(Beginning of Exercise data)
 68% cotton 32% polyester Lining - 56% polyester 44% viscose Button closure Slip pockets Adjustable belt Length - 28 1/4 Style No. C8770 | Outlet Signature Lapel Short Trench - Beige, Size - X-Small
(End of Exercise data)
(Beginning of Exercise data)
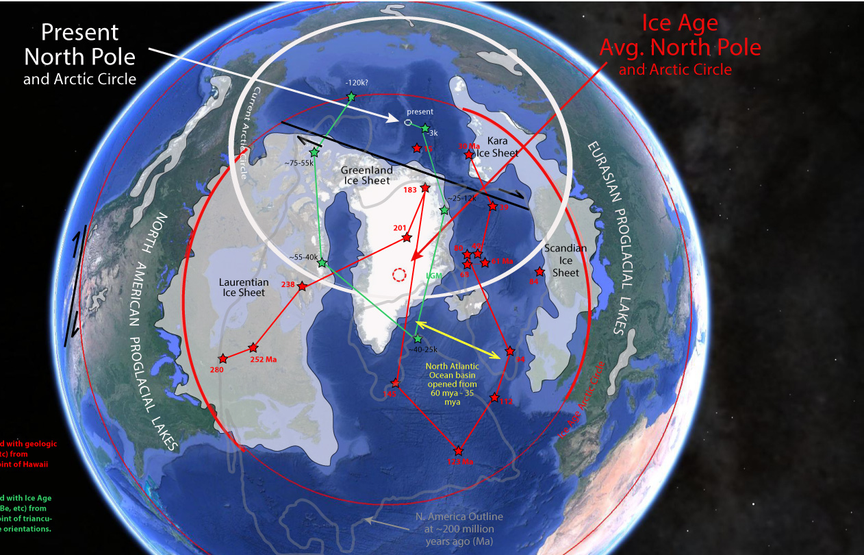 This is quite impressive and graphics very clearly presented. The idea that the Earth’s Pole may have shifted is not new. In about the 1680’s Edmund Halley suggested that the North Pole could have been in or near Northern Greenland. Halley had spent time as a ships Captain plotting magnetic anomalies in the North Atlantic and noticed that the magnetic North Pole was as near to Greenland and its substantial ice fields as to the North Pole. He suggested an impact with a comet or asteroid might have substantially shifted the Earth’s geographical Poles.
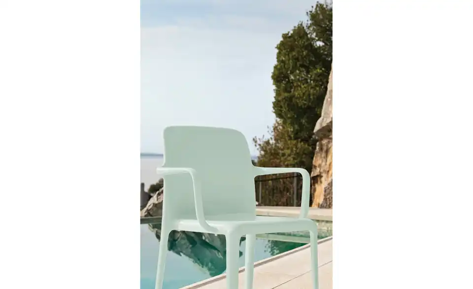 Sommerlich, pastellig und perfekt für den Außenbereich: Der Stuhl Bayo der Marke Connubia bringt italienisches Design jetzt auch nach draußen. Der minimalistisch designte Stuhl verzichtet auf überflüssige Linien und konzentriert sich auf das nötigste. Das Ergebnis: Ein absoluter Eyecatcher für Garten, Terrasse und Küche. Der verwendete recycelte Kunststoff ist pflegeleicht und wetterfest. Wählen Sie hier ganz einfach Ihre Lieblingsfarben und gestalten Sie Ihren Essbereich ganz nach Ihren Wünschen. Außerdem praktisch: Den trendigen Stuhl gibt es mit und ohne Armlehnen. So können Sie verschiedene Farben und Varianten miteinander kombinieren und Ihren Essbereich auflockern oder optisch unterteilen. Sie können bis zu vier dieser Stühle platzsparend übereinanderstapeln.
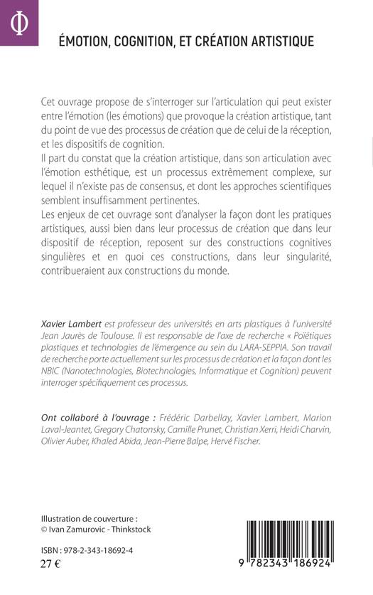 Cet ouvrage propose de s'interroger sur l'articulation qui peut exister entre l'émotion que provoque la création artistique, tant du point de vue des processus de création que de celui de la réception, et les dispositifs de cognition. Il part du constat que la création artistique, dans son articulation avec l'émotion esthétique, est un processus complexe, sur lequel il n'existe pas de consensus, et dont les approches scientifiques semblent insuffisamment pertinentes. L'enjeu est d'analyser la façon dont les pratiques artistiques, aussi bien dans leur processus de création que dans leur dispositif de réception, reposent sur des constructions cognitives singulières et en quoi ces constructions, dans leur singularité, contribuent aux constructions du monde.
(End of Exercise data)
Using the data above, retype exactly and only the lines from the one containing "This is quite" up to and including the one containing "Sommerlich, pastellig und", with no pictures carried over.

> Result of this task
 This is quite impressive and graphics very clearly presented. The idea that the Earth’s Pole may have shifted is not new. In about the 1680’s Edmund Halley suggested that the North Pole could have been in or near Northern Greenland. Halley had spent time as a ships Captain plotting magnetic anomalies in the North Atlantic and noticed that the magnetic North Pole was as near to Greenland and its substantial ice fields as to the North Pole. He suggested an impact with a comet or asteroid might have substantially shifted the Earth’s geographical Poles.
 Sommerlich, pastellig und perfekt für den Außenbereich: Der Stuhl Bayo der Marke Connubia bringt italienisches Design jetzt auch nach draußen. Der minimalistisch designte Stuhl verzichtet auf überflüssige Linien und konzentriert sich auf das nötigste. Das Ergebnis: Ein absoluter Eyecatcher für Garten, Terrasse und Küche. Der verwendete recycelte Kunststoff ist pflegeleicht und wetterfest. Wählen Sie hier ganz einfach Ihre Lieblingsfarben und gestalten Sie Ihren Essbereich ganz nach Ihren Wünschen. Außerdem praktisch: Den trendigen Stuhl gibt es mit und ohne Armlehnen. So können Sie verschiedene Farben und Varianten miteinander kombinieren und Ihren Essbereich auflockern oder optisch unterteilen. Sie können bis zu vier dieser Stühle platzsparend übereinanderstapeln.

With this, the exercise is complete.